The new data clearly establish a sequential bottomonium suppression pattern in Au-Au collisions, relative to pp collisions, that follows the hierarchy expected from the vacuum binding energies: a factor of ∼2.5 for the ground-state Υ(1S) and ∼4 for the first excited state, Υ(2S), while for the Υ(3S) yield only an upper limit could be established corresponding to a factor of 5 or more suppression (at a 95% confidence level). An important feature in interpreting these results are feeddown corrections, i.e., final-state decays where excited bottomonia end up in the ground state and thus contribute to the latter's observed yield. For the Υ(1S) in pp collisions, feeddown makes up ca. 30% of its observed abundance. For the STAR measurement this implies that, with the excited states being largely suppressed, the medium-induced suppression of the ground state is actually rather moderate, i.e., the Υ(1S) can still survive at the temperatures created in Au-Au collisions at RHIC, which are estimated to reach up to ∼350 MeV. This is more than two times larger than the crossover transition temperature into the QGP, T_c≃155 MeV, as determined in numerical simulations of lattice-discretized QCD [9]. On the other hand, the strong but gradual suppression of the Υ(2S) with increasing collision centrality of the Au-Au collisions suggests that its dissociation occurs in the vicinity of the early temperatures of the fireball evolution, i.e., ∼250–300 MeV. Finally, the near-complete suppression of the Υ(3S), with no discernible signal even in peripheral collisions, indicates significantly lower dissociation temperatures, presumably close to T_c. These interpretations are corroborated by transport model calculations, e.g., a semi-classical approach [10] (which has an extensive track record also for charmonium observables) and an open-quantum system approach [11].

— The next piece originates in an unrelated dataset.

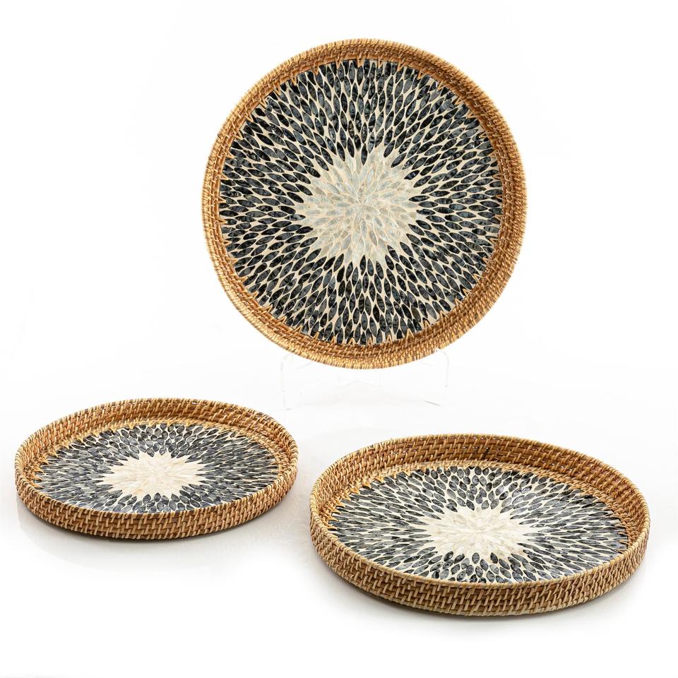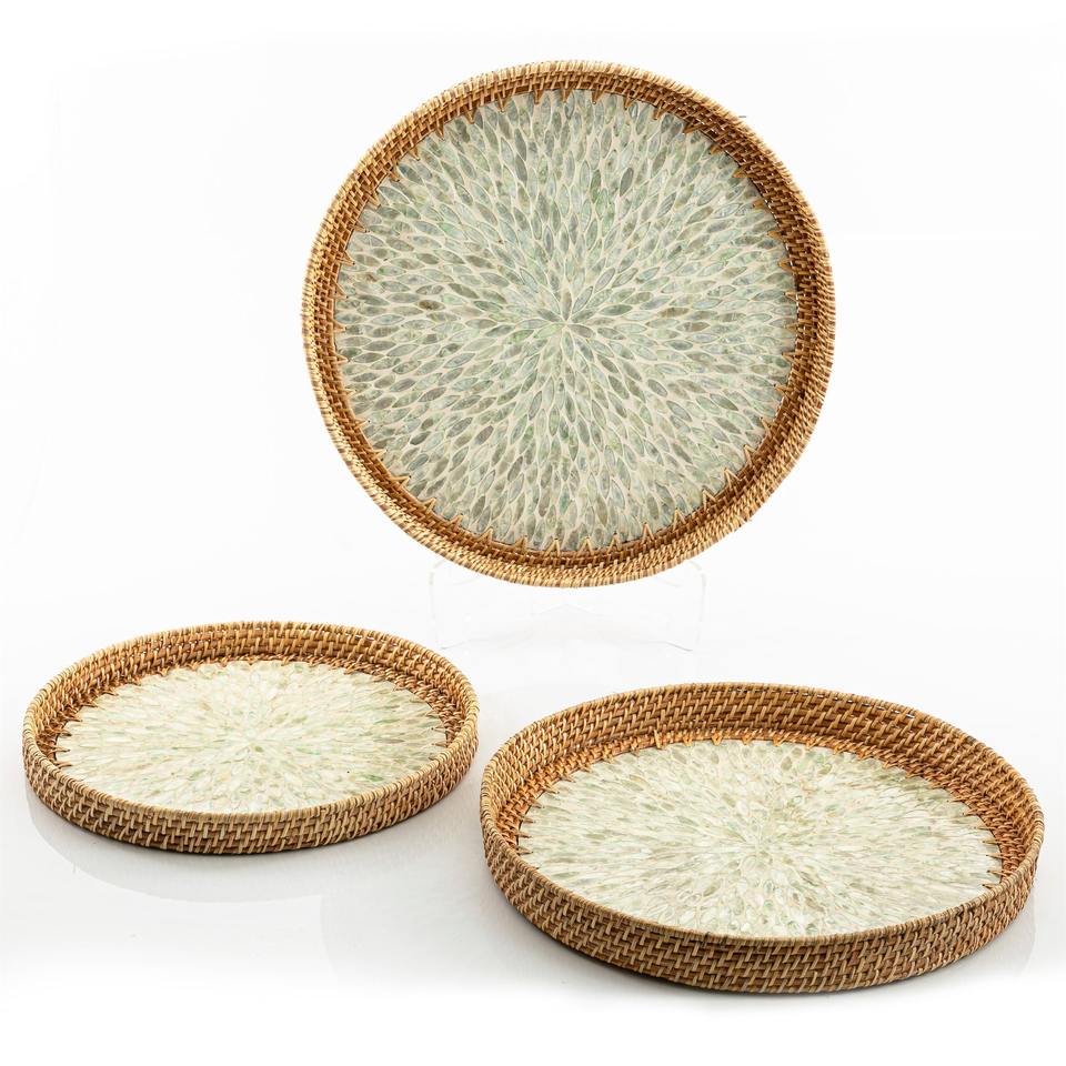 Luxury rattan MOP inlay trays various designs handmade mother of pearl trays shell platter

However, a comparison of the STAR results to LHC data is rather intriguing. Specifically, the centrality dependence of the Υ(1S) suppression is found to agree with data from the CMS collaboration in 5.02 TeV Pb-Pb collisions [14]. Within a QGP suppression scenario this is somewhat unexpected: at the higher collision energy of the LHC, where the total-particle production is a factor of ~2 larger than at RHIC, hotter fireballs are created, with estimated initial temperatures of $T_0\simeq 550-600$ MeV [10]. There are several mechanisms to possibly resolve this puzzle. The first one is a larger regeneration contribution to the Υ(1S), due to a larger production of bottom quarks, at the LHC. This feature is included in the transport model calculations, which, however tend to underpredict the Υ(1S) data from STAR [8]. Another one is the “nuclear-absorption" effect, where the nascent bottomonium states, emerging out of a bottom-antibottom quark pair produced in a hard parton-parton collision, are dissociated by high-energy nucleons passing by from the incoming nuclei. STAR has previously measured Υ production in d-Au collisions [15] and indeed found a Υ(1S) suppression at a 20% level, albeit with a large uncertainty. A more systematic study that may be possible with the upcoming sPHENIX experiment might clarify this situation and help to develop the full potential of the STAR data as an important benchmark for determining the in-medium properties of quarkonia. At present, the indications are that substantial remnants of the confining force survive in the QGP (see Fig. 1) and are quite possibly responsible for its strongly-coupled properties [16].